3.INSTRUCTION SET COMPILED SIMU-LATION
We developed the instruction set compiled simulation (IS-CS)technique with the intention of combining the full ?ex-ibility of interpretive simulation with the speed of the com-piled principle.The basic idea is to move the time-consuming instruction decoding to compile time as shown in Figure 3.The application program,written in C/C++,is compiled using the gcc compiler con?gured to generate binary for the target machine.The instruction decoder decodes one bi-nary instruction at a time to generate the decoded program for the input application.The decoded program is com-piled by C++compiler and linked with the simulation li-brary to generate the simulator.The simulator recognizes if the previously decoded instruction has changed and initiates re-decoding of the modi?ed instruction.If any instruction
Figure3:Instruction Set Compiled Simulation Flow is modi?ed during execution and subsequently re-decoded, the location in instruction memory is updated with the re-decoded instruction.To improve the simulation speed we use a novel instruction abstraction technique that generates optimized decoded instructions as described in Section3.1. As a result the computation during run-time is minimized. This technique achieves the speed of compiled simulation due to compile-time decoding of application as described in Section3.2.Section3.3describes the simulation engine that o?ers the full?exibility of interpretive simulation.
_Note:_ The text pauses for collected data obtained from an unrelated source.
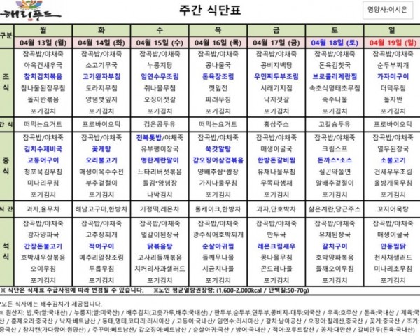 4월 둘째주 식단표 페이지 정보 작성자 은천노인복지회 작성일26-04-14 14:54 조회133회 댓글0건 관련링크 이전글 다음글 목록 답변 본문 4월 둘째주 어르신 식단표 안내해 드립니다. 정성과 영양을 담아 준비하겠습니다. 이전글 다음글 목록 답변
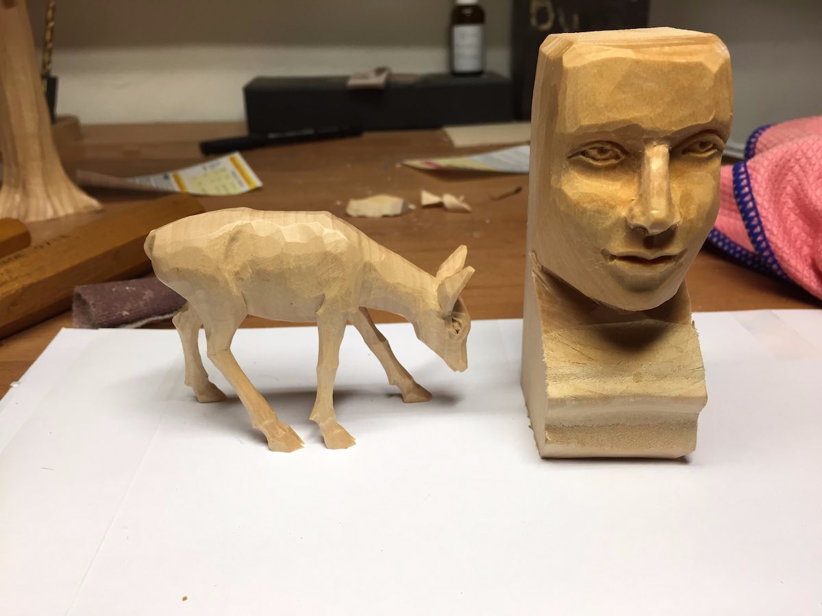 Ob es mit dem Wachs zusammenhängt, kann ich vorerst noch nicht beurteilen. Zum Vergleich hier mal ein Foto. Achtet dabei nicht auf das Geschnitzte, denn der „Kopf“stimmt ohnehin nicht und ist nur ein Probestück, sondern nur auf den Farbton des Holzes der beiden Schnitzereien. Ich hoffe, das die Aufnahme, mit dem Handy doch halbwegs passt.
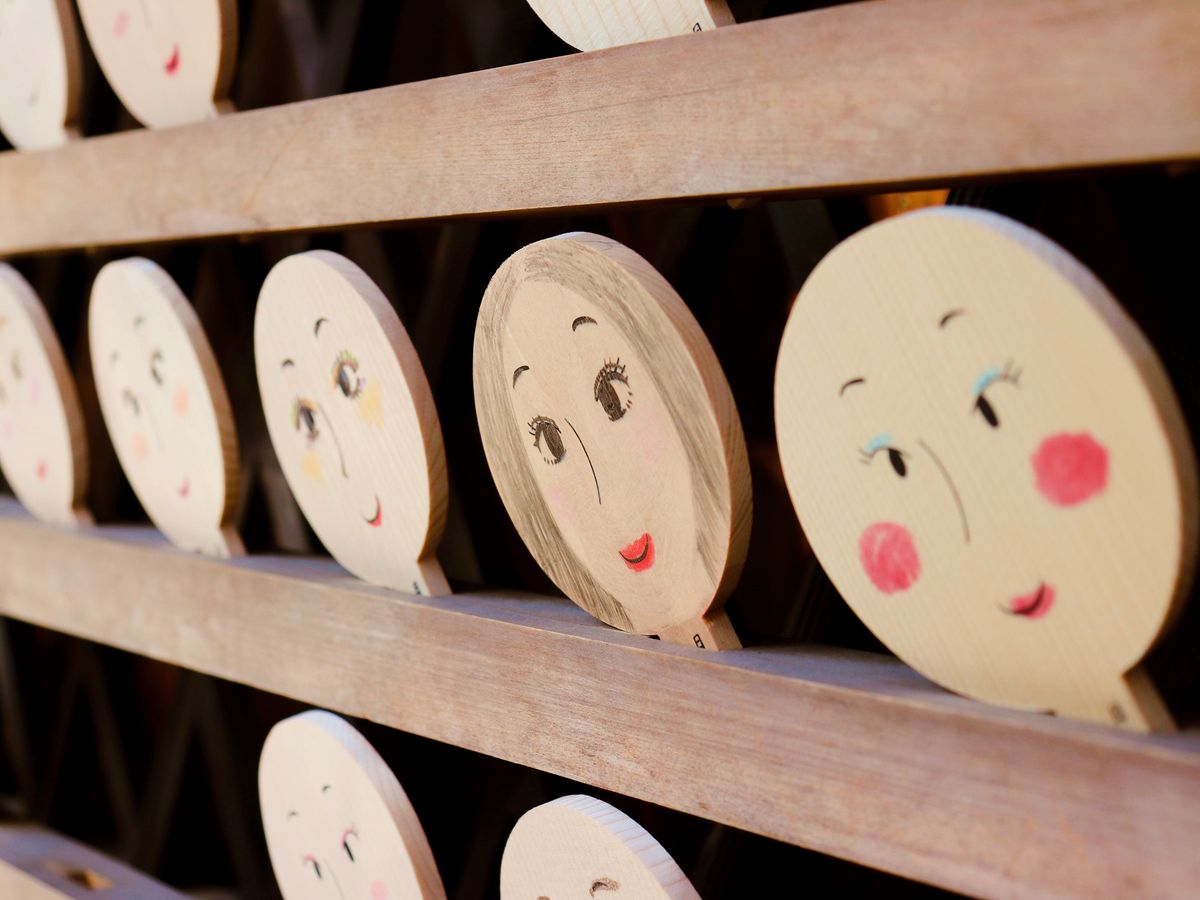 "Kagami ema" mirror-shaped votives at Kawai Shrine

3.1Instruction Abstraction
In traditional interpretive simulation(e.g.,Simplescalar [3])the decoding and execution of binary instructions are done using a single monolithic function.This function has many if-then-else and switch/case statements that perform certain activities based on bit patterns of opcode,operands, addressing modes etc.In advanced interpretive simulation (e.g.,LISA[1])the binary instruction is decoded and the decoded instruction contains pointers to speci?c functions. There are many variations of these two methods based on e?ciency of decode,complexity of implementation,and per-formance of execution.However,none of these techniques exploit the fact that a certain class of instructions may have a constant value for a particular?eld of the instruction.For example,a majority of the ARM instructions execute uncon-ditionally(condition?eld has value always).It is a waste of time to check the condition for such instructions every time they are executed.
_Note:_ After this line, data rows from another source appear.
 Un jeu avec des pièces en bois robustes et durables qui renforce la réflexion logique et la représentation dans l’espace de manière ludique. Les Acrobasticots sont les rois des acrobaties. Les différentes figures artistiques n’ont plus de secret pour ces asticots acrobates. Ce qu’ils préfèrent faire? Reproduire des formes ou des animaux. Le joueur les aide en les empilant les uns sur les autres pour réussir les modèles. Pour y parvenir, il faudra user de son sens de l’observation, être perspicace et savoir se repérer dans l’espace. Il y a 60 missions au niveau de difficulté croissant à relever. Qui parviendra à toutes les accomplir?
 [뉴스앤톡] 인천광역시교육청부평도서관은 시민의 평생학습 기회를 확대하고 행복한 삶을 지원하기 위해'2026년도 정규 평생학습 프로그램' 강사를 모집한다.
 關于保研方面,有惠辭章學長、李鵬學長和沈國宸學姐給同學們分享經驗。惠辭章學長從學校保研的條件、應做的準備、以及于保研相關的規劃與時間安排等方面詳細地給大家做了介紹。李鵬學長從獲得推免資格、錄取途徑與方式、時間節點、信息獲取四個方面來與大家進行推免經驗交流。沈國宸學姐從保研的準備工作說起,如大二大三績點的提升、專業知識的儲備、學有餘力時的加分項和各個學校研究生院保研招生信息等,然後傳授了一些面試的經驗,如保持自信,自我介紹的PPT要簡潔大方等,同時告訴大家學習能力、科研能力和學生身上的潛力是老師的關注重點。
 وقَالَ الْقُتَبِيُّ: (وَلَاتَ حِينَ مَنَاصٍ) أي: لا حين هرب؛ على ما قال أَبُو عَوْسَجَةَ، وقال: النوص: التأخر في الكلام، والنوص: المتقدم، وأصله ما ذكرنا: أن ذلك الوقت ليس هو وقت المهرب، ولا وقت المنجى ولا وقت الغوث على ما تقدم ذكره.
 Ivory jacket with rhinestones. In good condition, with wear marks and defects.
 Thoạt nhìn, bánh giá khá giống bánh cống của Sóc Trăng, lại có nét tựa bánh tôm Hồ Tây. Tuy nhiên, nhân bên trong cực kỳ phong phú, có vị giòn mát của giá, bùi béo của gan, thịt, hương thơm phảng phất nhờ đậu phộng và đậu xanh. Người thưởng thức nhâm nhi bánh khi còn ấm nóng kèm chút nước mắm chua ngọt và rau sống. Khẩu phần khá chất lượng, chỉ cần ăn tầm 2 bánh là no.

Clearly,when certain input values are known for a class of instructions,the partial evaluation[13]technique can be applied.The e?ect of partial evaluation is to specialize a program with part of its input to get a faster version of the same program.To take advantage of such situations we need to have separate functions for each and every possible for-mat of instructions so that the function could be optimized by the compiler at compile time and produce the best per-formance at run time.Unfortunately,this is not feasible in practice.For example,consider the ARM data process-ing instructions.It can have16conditions,16operations, an update?ag(true/false),and one destination followed by two source operands.The second source operand,called shifter operand,has three?elds:operand type(reg/imm), shift options(5types)and shift value(reg/imm).In total, the ARM data processing instructions have16x16x2x2 x5x2=10240possible formats.
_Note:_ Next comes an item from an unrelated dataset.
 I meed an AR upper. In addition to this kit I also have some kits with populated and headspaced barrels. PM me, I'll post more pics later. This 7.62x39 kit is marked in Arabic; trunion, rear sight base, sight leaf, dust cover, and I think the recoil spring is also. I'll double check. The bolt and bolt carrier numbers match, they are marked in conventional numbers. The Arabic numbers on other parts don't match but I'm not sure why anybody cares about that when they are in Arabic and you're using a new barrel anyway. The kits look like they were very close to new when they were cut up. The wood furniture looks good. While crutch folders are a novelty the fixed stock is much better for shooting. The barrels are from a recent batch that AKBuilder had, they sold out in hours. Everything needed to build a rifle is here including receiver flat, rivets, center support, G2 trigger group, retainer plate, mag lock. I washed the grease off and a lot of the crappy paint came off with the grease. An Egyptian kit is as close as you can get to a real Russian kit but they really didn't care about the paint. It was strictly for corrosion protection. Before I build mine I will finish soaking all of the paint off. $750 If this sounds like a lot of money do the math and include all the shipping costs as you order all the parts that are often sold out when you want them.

Our solution to this problem is to de?ne instruction classes, where each class contains instructions with similar formats. Most of the time this information is readily available from the instruction set architecture manual.For example,we de-?ned six instruction classes for the ARM processor viz.,Data Processing,Branch,LoadStore,Multiply,Multiple Load-Store,Software Interrupt,and Swap.Next,we de?ne a set of masks for each instruction class.The mask consists of’0’,’1’and’x’symbols.A’0’(’1’)symbol in the mask matches with a’0’(’1’)in binary pattern of the instruction at the same bit position.An’x’symbol matches with both’0’and ’1’.For example,the masks for the data processing instruc-tions are shown below:
"xxxx-001x xxxx-xxxx xxxx-xxxx xxxx-xxxx"
"xxxx-000x xxxx-xxxx xxxx-xxxx xxx0-xxxx"
"xxxx-000x xxxx-xxxx xxxx-xxxx0xx1-xxxx"
We use C++templates to implement the functionality for each class of instructions.For example,the pseudo code for the data processing template is shown below.The template has four parameters viz.,condition,operation,update?ag, and shifter operand.The shifter operand is a template hav-ing three parameters viz.,operand type,shift options and shift value.
Example1:Template for Data Processing Instructions
template
{
SftOper_sftOperand;
Reg_dest,_src1;
public:
.......
virtual void execute()
{
if(Cond::execute())
{
_dest=Op::execute(_src1,_sftOperand.getValue());
if(Flag::execute())
{
//Update Flags
.......
}
}
}
};
We also use a Mask Table for the mapping between mask patterns and templates.It also maintains a mapping be-tween mask patterns and functions corresponding to those templates.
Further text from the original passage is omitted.